Identification of recurrences in women with early breast cancer
Breast cancer is the commonest cancer in the UK, with around 55,000 women diagnosed annually. Information is routinely available on breast cancer mortality via the National Cancer Registration and Analysis Service. However, information on recurrence in women diagnosed with early invasive breast cancer is not collected reliably in England and is available only via individual follow-up, for example in clinical trials.
Reliable recurrence information in routine care would be helpful for many purposes, including:
- healthcare policy-making – where it would be helpful in guiding decisions on optimal follow-up
- clinical management – in clinical decision aids
- randomised trials – enabling low-cost long-term follow-up
- for descriptive and analytical epidemiology.

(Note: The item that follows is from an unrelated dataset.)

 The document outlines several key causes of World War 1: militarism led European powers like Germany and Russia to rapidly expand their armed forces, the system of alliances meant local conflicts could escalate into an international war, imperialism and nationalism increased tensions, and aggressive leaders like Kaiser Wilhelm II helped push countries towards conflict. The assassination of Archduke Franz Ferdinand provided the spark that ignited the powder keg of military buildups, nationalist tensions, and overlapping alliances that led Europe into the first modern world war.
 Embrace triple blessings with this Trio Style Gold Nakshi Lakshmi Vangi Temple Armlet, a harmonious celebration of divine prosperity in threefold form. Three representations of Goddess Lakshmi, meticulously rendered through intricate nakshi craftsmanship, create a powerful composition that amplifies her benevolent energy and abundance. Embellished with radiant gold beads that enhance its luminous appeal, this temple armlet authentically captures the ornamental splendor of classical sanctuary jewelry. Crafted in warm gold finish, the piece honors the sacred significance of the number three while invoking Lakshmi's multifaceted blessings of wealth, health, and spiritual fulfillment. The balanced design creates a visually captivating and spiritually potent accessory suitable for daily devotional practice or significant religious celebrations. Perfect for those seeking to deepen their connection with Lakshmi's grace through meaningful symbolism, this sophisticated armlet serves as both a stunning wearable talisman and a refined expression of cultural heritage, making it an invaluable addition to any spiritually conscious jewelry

We used a database compiled by the West Midlands Cancer Intelligence Unit during 1997-2011 to develop and train a deterministic algorithm to identify recurrences in routinely collected data available within NHS England. We trained the algorithm further and evaluated its performance using data from women who were recruited into the AZURE randomised trial during 2003-2006 and invited to approximately 24 clinic follow-up visits over ten years. We then evaluated its performance using data for the remaining 1930 women in England in the AZURE trial.

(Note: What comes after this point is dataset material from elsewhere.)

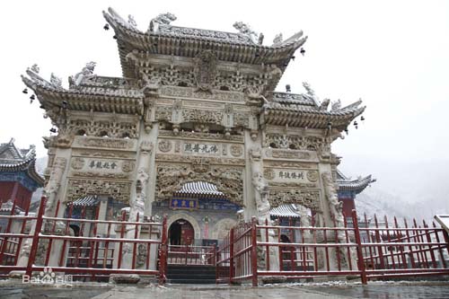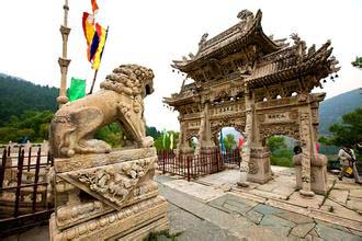 影壁中間鑲嵌有一石雕刻,文殊騎獅居中,人物花卉滿布四周,構(gòu)圖嚴謹,神情逼真。向北登108級臺階即達山門,門前漢白玉石獅一對,勾欄小拱橋一座,石牌坊一座,旗桿高聳于兩側(cè),雕工均佳。其中石牌坊最引人神往,從基石,抱柱,斜戧,額枋,斗拱到瓦頂,脊獸,無一不是精雕細刻,人獸,花卉,流云,山水等分布殿內(nèi),玲瓏剔透,它共有三門六柱,呈“一”字形,整體雄偉壯觀,巧奪天工,據(jù)說是由工匠耗時六年才建成。牌坊上刻有89條蛟龍,鱗爪俱現(xiàn),神態(tài)逼真;人物表情栩栩如生。游人觀后,無不交口稱贊,印象深刻。寺內(nèi)三座院落橫向排列,相互串通,又各有山門,自成風格。東院為殿院,依地勢分前后兩進,除山門外,中線上還有佛殿兩座,圍枝廂房配殿,塑像俱存,彩繪房和獻亭,曲廊環(huán)繞,雙塔高聳,其中普濟禪師塔雕尤為精致。距龍泉寺西北里許的山坡,有一座楊業(yè)的瘞骨塔,六角、三級,高約10米。傳說楊業(yè)死后,五郎將其尸骨葬此,并建塔紀念。宋太宗后來追封楊業(yè)為楊令公,故后人稱此塔為令公塔。
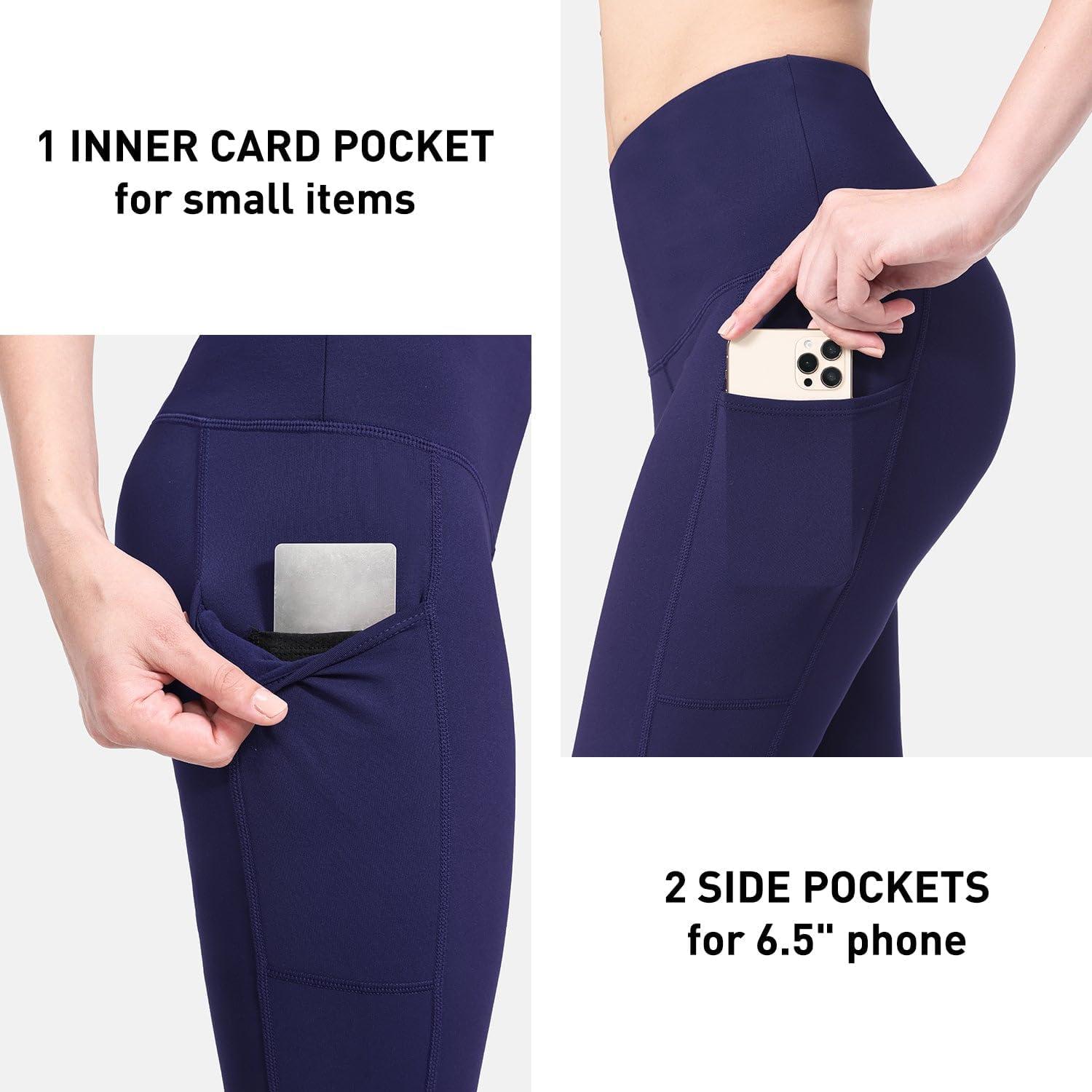 baleaf Women’s Fleece Lined Leggings Thermal Warm Winter Tights High Waisted Thick Yoga Pants Cold Weather with Pockets(Navy Blue)

The findings demonstrate the potential of routinely collected data to identify breast cancer recurrences in England.
- Probert J, Dodwell D, Broggio J, Coleman R, Marshall H, Darby SC, Mannu G. Identification of recurrences in women diagnosed with early invasive breast cancer using routinely collected data in England. BJC Reports 2025.
This page will be updated with further information on the use of the algorithm as it becomes available.